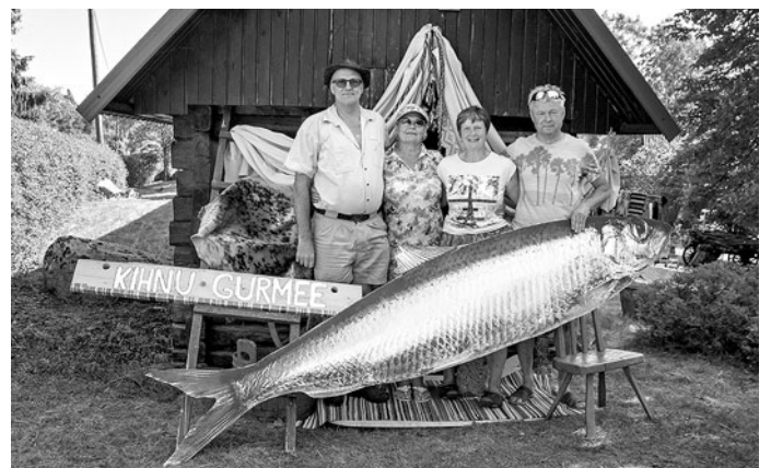
Kodukohvik KIHNU GURMEE.
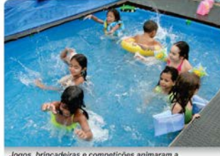
Jogos, brincadeiras e competições animaram a garotada durante o mês de janeiro
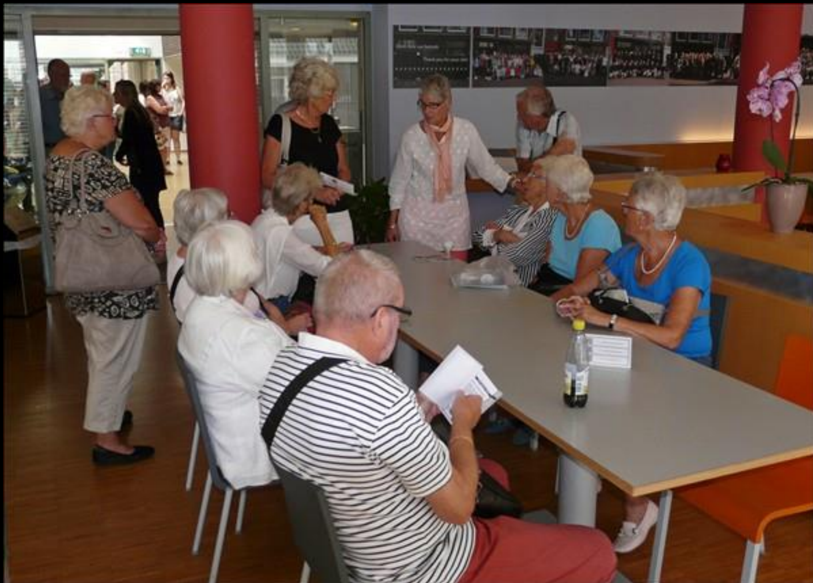
Cafet i Anne Franks hus
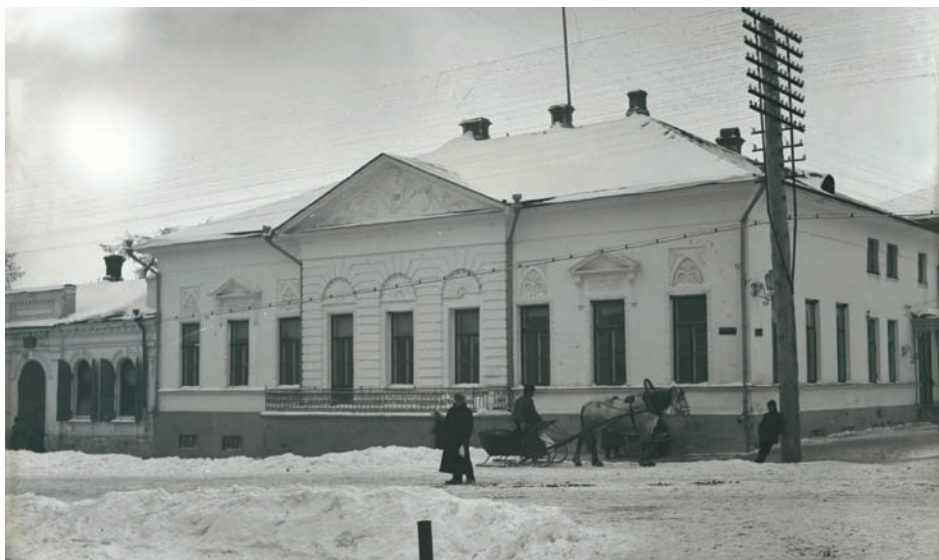
Дом на ул. Астраханской, который снимал М.Е. Салтыков-Щедрин в 1858-1860 гг.
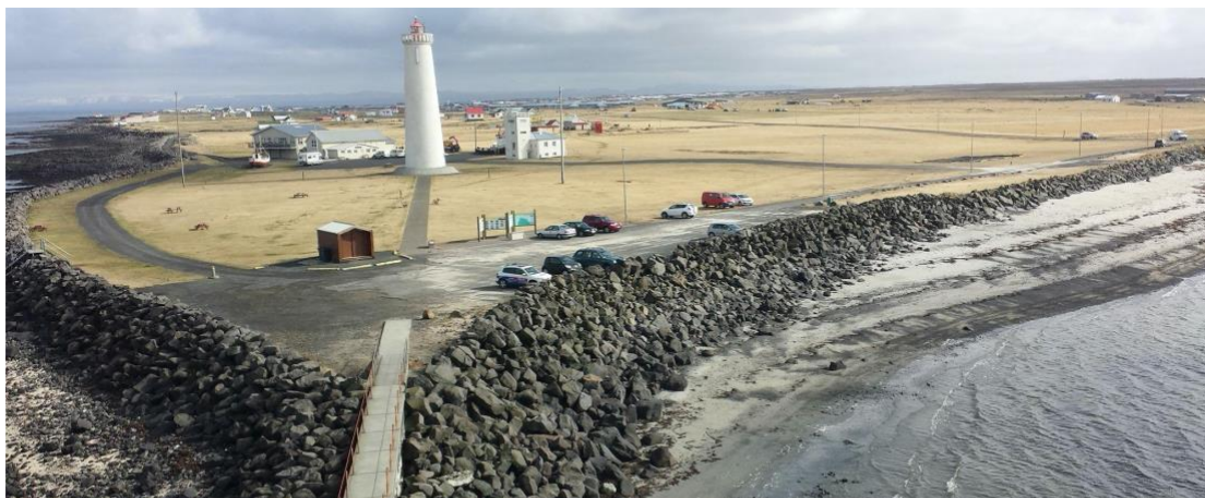
Mynd 2 Skipulagssvæðið til hægri
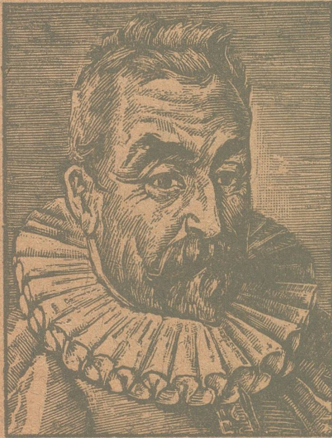
Jean Nicot brachte die Tabackspflanze nach Europa

Tabak, Tabak, Du edles Kraut! Der Mann sei lobenswert, Der dich gebaut! Der dich erbaut Und hat gepflanzt, Sei Lob und Ehr und Dank Sein Leben lang!
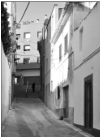
Detall de la travessia on s'hi aprecia l'escalinata al fons.

Quan Sant Feliu anà creixent, ja algun segle enrere, es formà, entre altres carrers, el de SANT RAMON a partir del Portalet. Anys després el de Sant Ramon donà origen a un altre carrer al qual va aplicar-se la denominació de NOU DE SANT RAMON sense haver de rumiar gaire per batejar-lo. Poc temps més endavant s'obrí una altra via secundària que anava des del Nou de Sant Ramon al de la Processó i li fou aplicada la denominació de Travessia de Nou Sant Ramon.
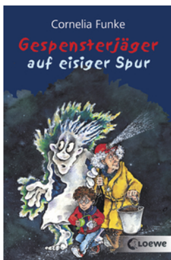
Gespensterjäger auf eisiger Spur
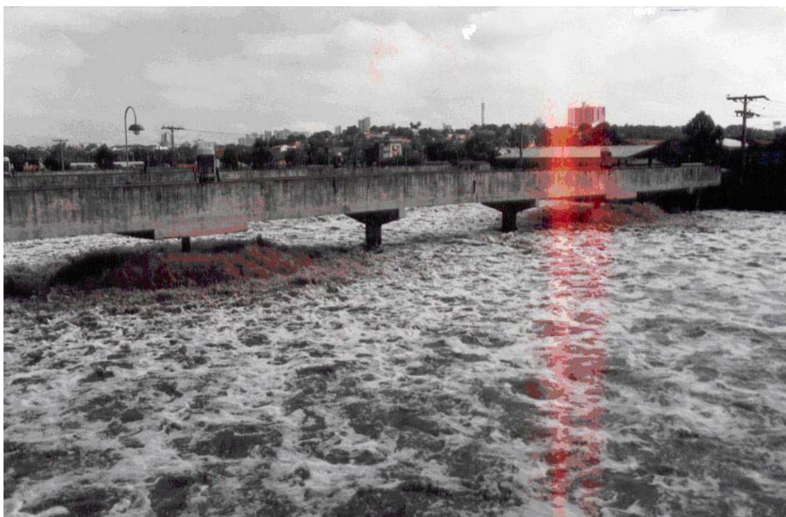
FIGURA 01 - GENARO (2004) - Tanque de aeração, ETE – Dom Aquino, Cuiabá-MT.

Na figura 01 é mostrado o tanque de aeração da ETE – Dom Aquino localizado na avenida Carmino de Campos. Este ponto serviu para medição da presença dos aerodispersóides.
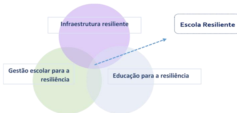
Figura 2 – Eixos fundamentais para construir escolas resilientes

A redução de riscos e desastres nos ambientes educacionais é defendida pelo programa Iniciativa Global para Escolas Seguras da UNISDR ( World Wide Initiative for Safe Schools ), reforçado pela Lei 12.608/2012 (Lei da Proteção e Defesa Civil do Brasil). São eixos fundamentais para construir Escolas Resilientes (Figura 2), segundo UNISDR (2014):
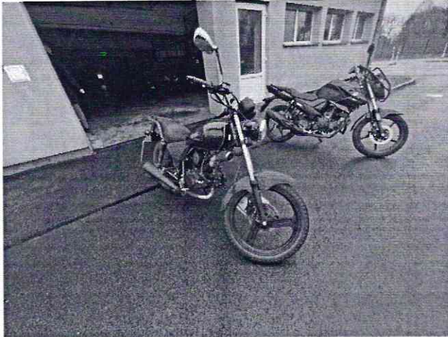
Dok. fot. z dnia 08.12.2025r. fot. nr 1
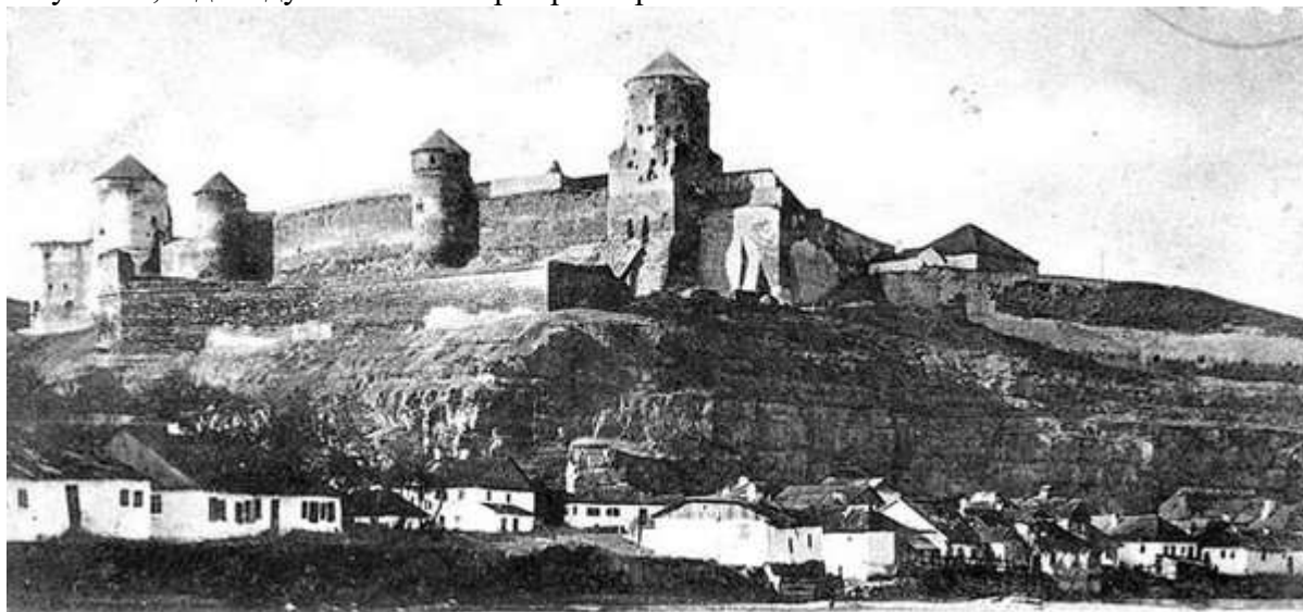
Старий замок з півдня. Фото кінця XIXст.

Славу неприступної цитадель зберігала століттями. Об її мури розбивались кляті ординські хвилі, замок не підкорявся ні молдаванам, ні волохам, стояли під її стінами війська Богдана Хмельницького, його сина Тимоша, І.Богуна, Джержалії. Імена будівничих фортеці – на мурах, палених вогнем: Каміліус, Йов Претвич, Теофіл Шомберг, Арчибальд Гловер, Христіан Дальке, Ян де Вітте, Станіслав Завадський. Лише двічі вона була здобута: в 1393 р. штурмом здолав замок литовський князь Вітовт, і у 1672 р. – турки, маючи перевагу в силі майже в 100 разів. Звитягу місту склали 12 днів його оборони і день останній, коли на одному з бастионів фортеці стався вибух. Досі цей вибух пояснюють недбальством жовнірів у пороховому льосі, відчайдушністю майора артилерії Геклінга.
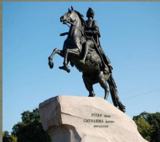
- Памятник Петру I - 18 августа 1782 года
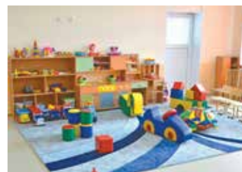
Детские сады обеспечены оборудованием и игрушками

Кроме того, в 2020 году были выполнены ремонтные работы для открытия 13 дополнительных групп на 250 мест для детей до 3 лет в 13 в действующих детских садах.

• How to complete this task: Please write out the lines from the one that holds "Dok. fot. z dnia 08.12.2025r. fot. nr 1" through the end of the material, both ends included, exactly and with no pictures.

• Reply:
Dok. fot. z dnia 08.12.2025r. fot. nr 1
Старий замок з півдня. Фото кінця XIXст.

Славу неприступної цитадель зберігала століттями. Об її мури розбивались кляті ординські хвилі, замок не підкорявся ні молдаванам, ні волохам, стояли під її стінами війська Богдана Хмельницького, його сина Тимоша, І.Богуна, Джержалії. Імена будівничих фортеці – на мурах, палених вогнем: Каміліус, Йов Претвич, Теофіл Шомберг, Арчибальд Гловер, Христіан Дальке, Ян де Вітте, Станіслав Завадський. Лише двічі вона була здобута: в 1393 р. штурмом здолав замок литовський князь Вітовт, і у 1672 р. – турки, маючи перевагу в силі майже в 100 разів. Звитягу місту склали 12 днів його оборони і день останній, коли на одному з бастионів фортеці стався вибух. Досі цей вибух пояснюють недбальством жовнірів у пороховому льосі, відчайдушністю майора артилерії Геклінга.
- Памятник Петру I - 18 августа 1782 года
Детские сады обеспечены оборудованием и игрушками

Кроме того, в 2020 году были выполнены ремонтные работы для открытия 13 дополнительных групп на 250 мест для детей до 3 лет в 13 в действующих детских садах.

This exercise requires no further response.